→ Task to complete
Look through the entries below and copy exactly the part that begins with the line containing "Laptop with a" and ends with the line containing "Positive p53 expression". Do not copy the pictures.

+++ Records provided

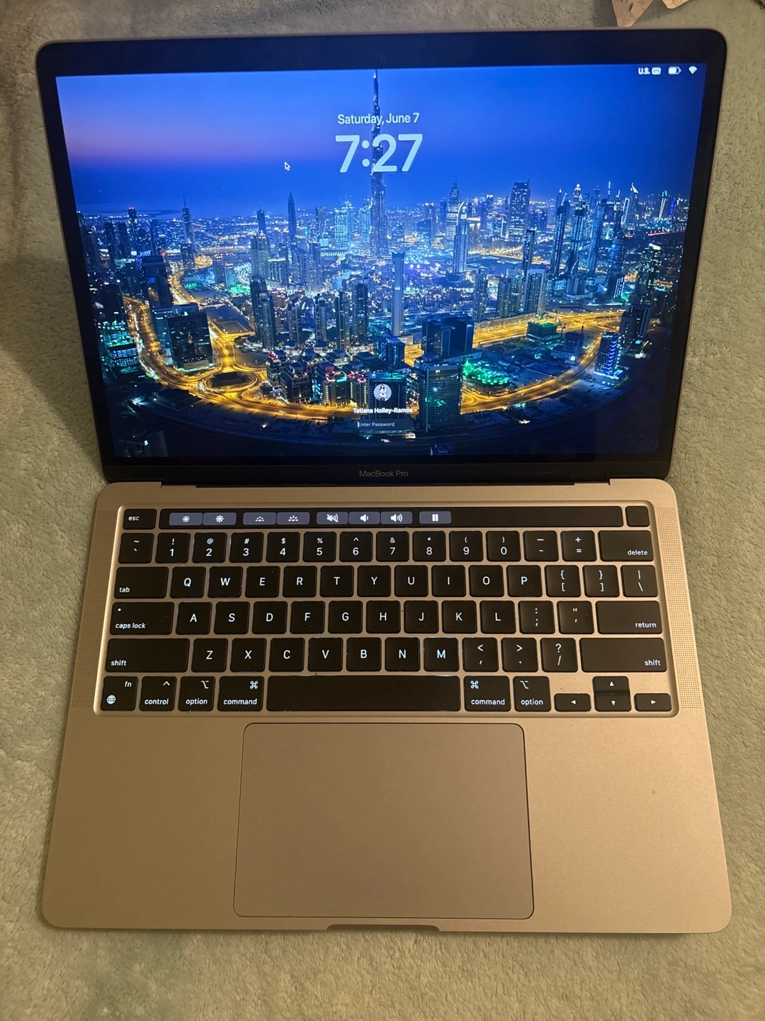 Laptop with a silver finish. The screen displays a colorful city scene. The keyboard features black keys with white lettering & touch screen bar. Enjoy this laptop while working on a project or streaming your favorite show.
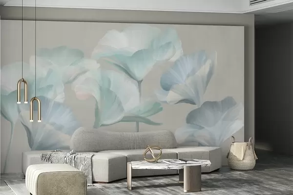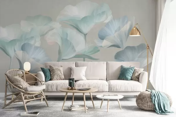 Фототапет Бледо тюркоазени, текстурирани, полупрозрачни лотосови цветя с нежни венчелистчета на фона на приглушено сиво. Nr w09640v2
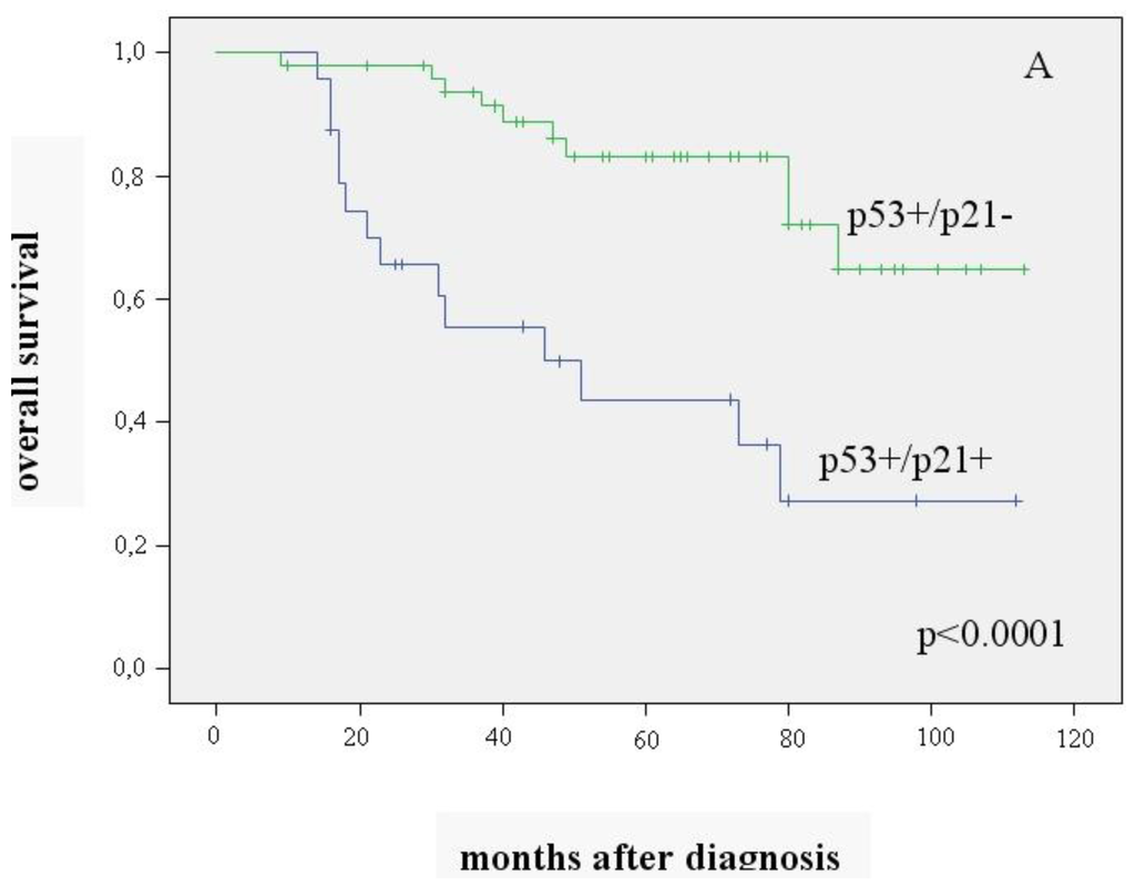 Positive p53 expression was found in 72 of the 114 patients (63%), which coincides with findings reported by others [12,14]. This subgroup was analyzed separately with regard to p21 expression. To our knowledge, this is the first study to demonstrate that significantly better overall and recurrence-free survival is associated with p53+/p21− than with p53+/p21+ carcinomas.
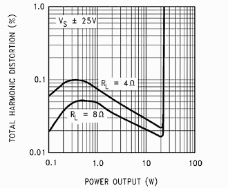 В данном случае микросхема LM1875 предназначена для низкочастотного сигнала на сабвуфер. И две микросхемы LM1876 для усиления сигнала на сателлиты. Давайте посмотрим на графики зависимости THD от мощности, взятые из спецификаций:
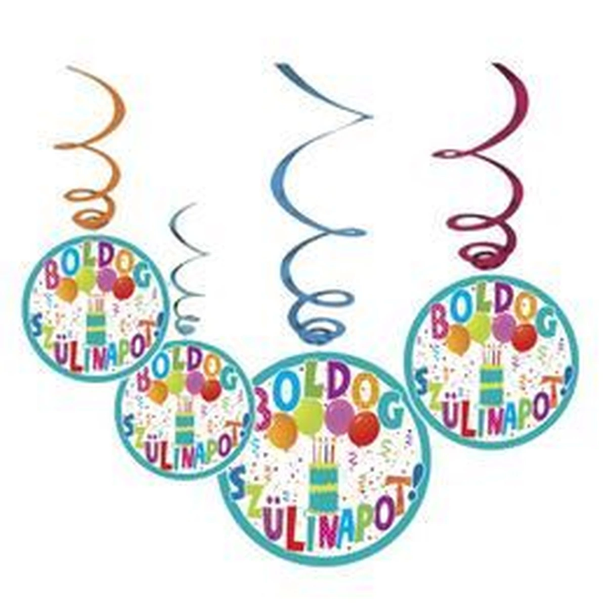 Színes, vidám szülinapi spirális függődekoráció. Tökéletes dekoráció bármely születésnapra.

++++++
+++ Records provided

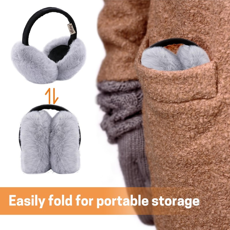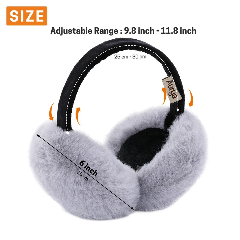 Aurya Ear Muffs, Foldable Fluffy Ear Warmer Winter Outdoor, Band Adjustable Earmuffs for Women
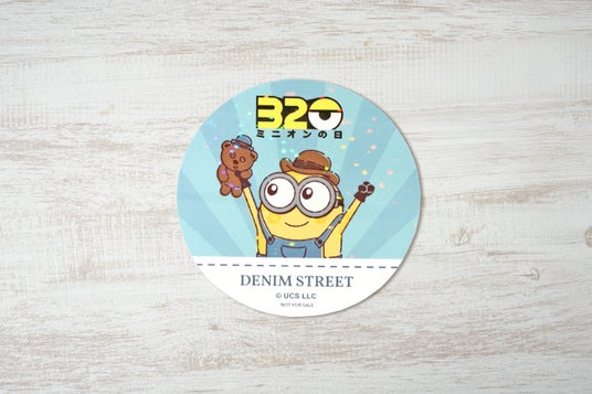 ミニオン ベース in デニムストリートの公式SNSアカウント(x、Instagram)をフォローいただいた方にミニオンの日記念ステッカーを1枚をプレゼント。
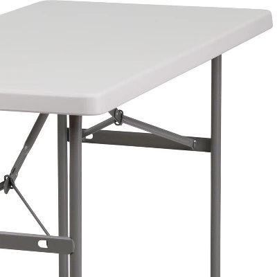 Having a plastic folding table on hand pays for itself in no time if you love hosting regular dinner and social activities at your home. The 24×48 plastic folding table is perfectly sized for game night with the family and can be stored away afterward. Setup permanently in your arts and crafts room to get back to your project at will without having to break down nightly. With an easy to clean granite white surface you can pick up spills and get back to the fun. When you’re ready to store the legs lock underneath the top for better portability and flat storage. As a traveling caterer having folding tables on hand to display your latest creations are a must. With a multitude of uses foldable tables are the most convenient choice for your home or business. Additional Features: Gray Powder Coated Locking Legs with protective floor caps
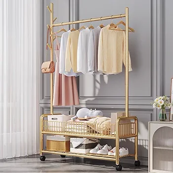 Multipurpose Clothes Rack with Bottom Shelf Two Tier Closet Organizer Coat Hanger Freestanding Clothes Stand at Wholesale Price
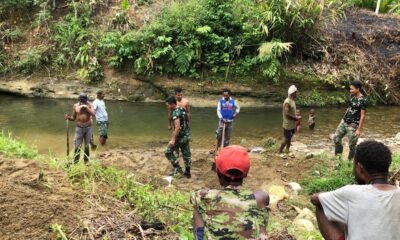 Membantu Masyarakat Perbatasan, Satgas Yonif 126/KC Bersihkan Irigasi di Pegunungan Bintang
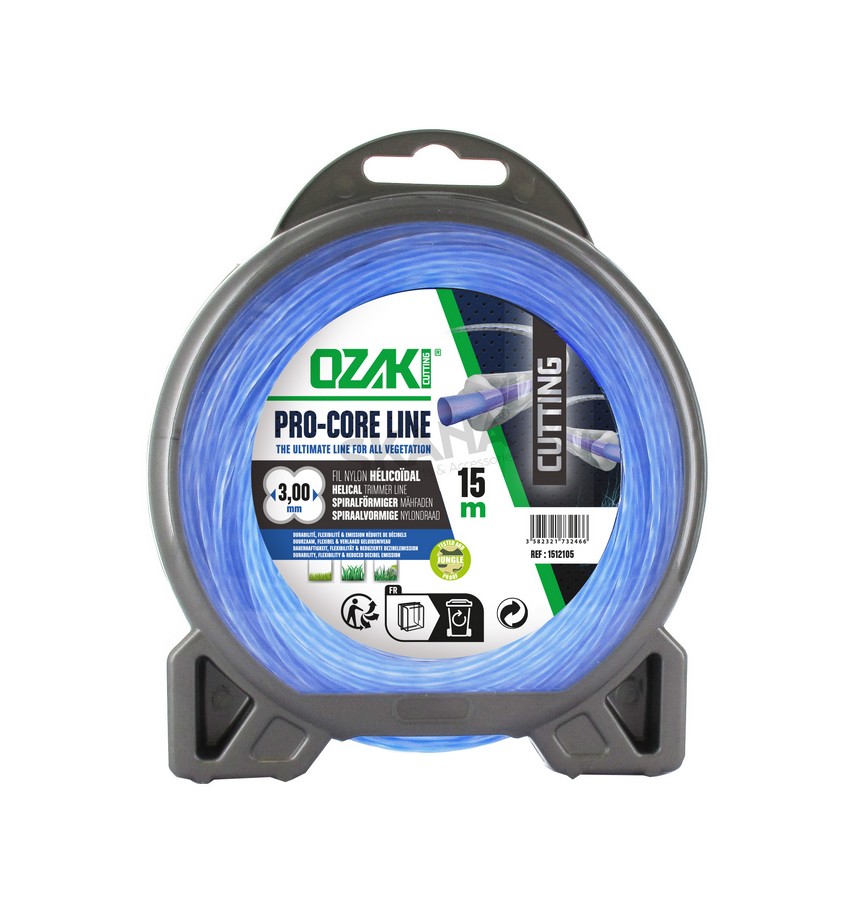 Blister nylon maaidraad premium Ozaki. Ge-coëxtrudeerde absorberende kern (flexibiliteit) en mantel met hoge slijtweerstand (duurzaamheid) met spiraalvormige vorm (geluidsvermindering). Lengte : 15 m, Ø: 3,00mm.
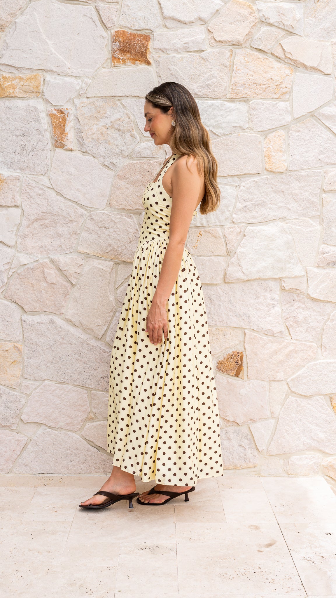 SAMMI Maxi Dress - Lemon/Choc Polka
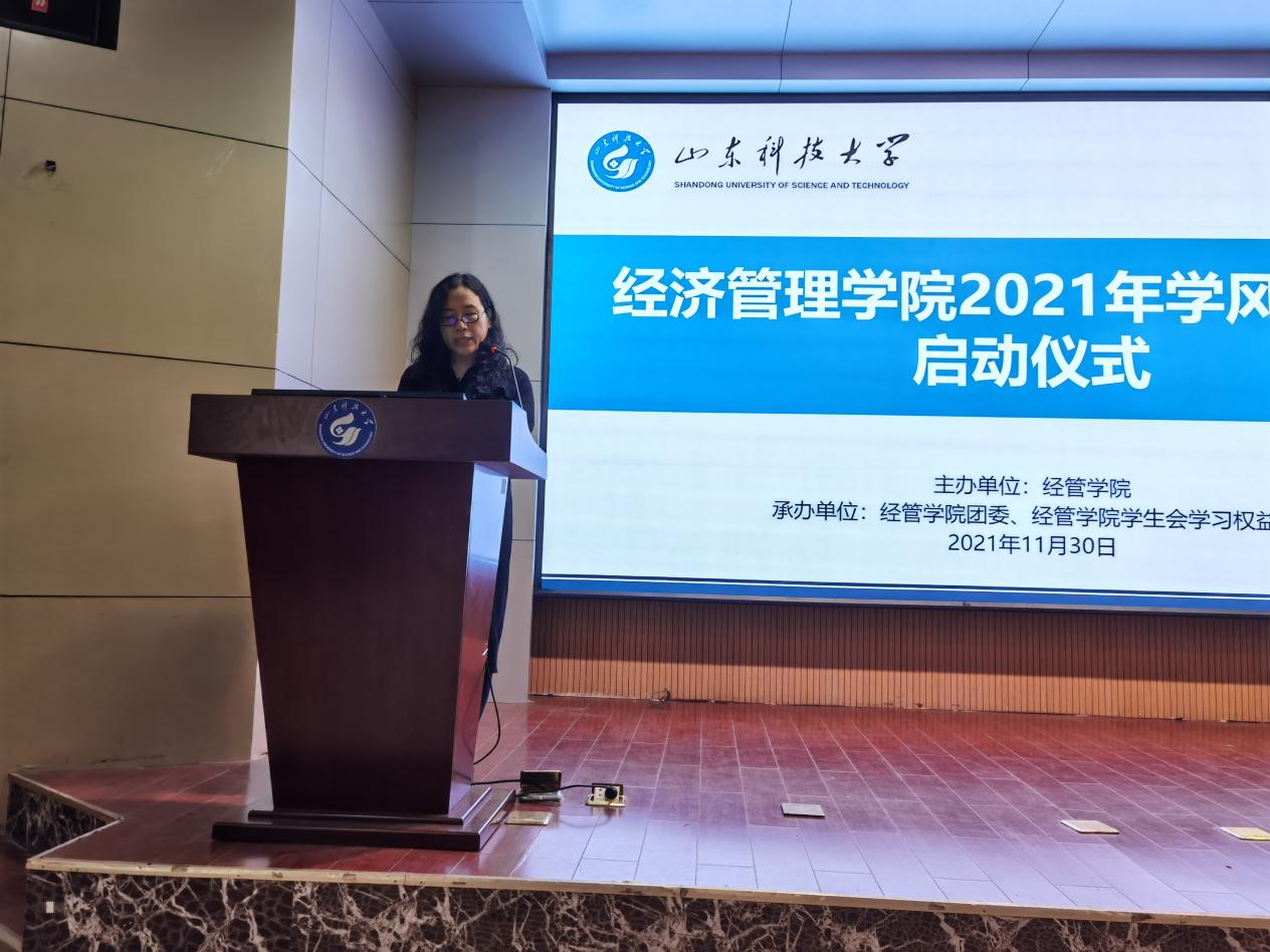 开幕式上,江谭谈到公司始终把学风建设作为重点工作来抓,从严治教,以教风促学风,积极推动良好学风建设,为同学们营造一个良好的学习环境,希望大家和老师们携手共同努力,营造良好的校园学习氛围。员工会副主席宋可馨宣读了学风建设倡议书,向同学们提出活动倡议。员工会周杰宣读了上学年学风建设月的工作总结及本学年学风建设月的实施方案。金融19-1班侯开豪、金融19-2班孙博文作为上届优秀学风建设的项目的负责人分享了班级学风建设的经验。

++++++

→ The answer
 Laptop with a silver finish. The screen displays a colorful city scene. The keyboard features black keys with white lettering & touch screen bar. Enjoy this laptop while working on a project or streaming your favorite show.
 Фототапет Бледо тюркоазени, текстурирани, полупрозрачни лотосови цветя с нежни венчелистчета на фона на приглушено сиво. Nr w09640v2
 Positive p53 expression was found in 72 of the 114 patients (63%), which coincides with findings reported by others [12,14]. This subgroup was analyzed separately with regard to p21 expression. To our knowledge, this is the first study to demonstrate that significantly better overall and recurrence-free survival is associated with p53+/p21− than with p53+/p21+ carcinomas.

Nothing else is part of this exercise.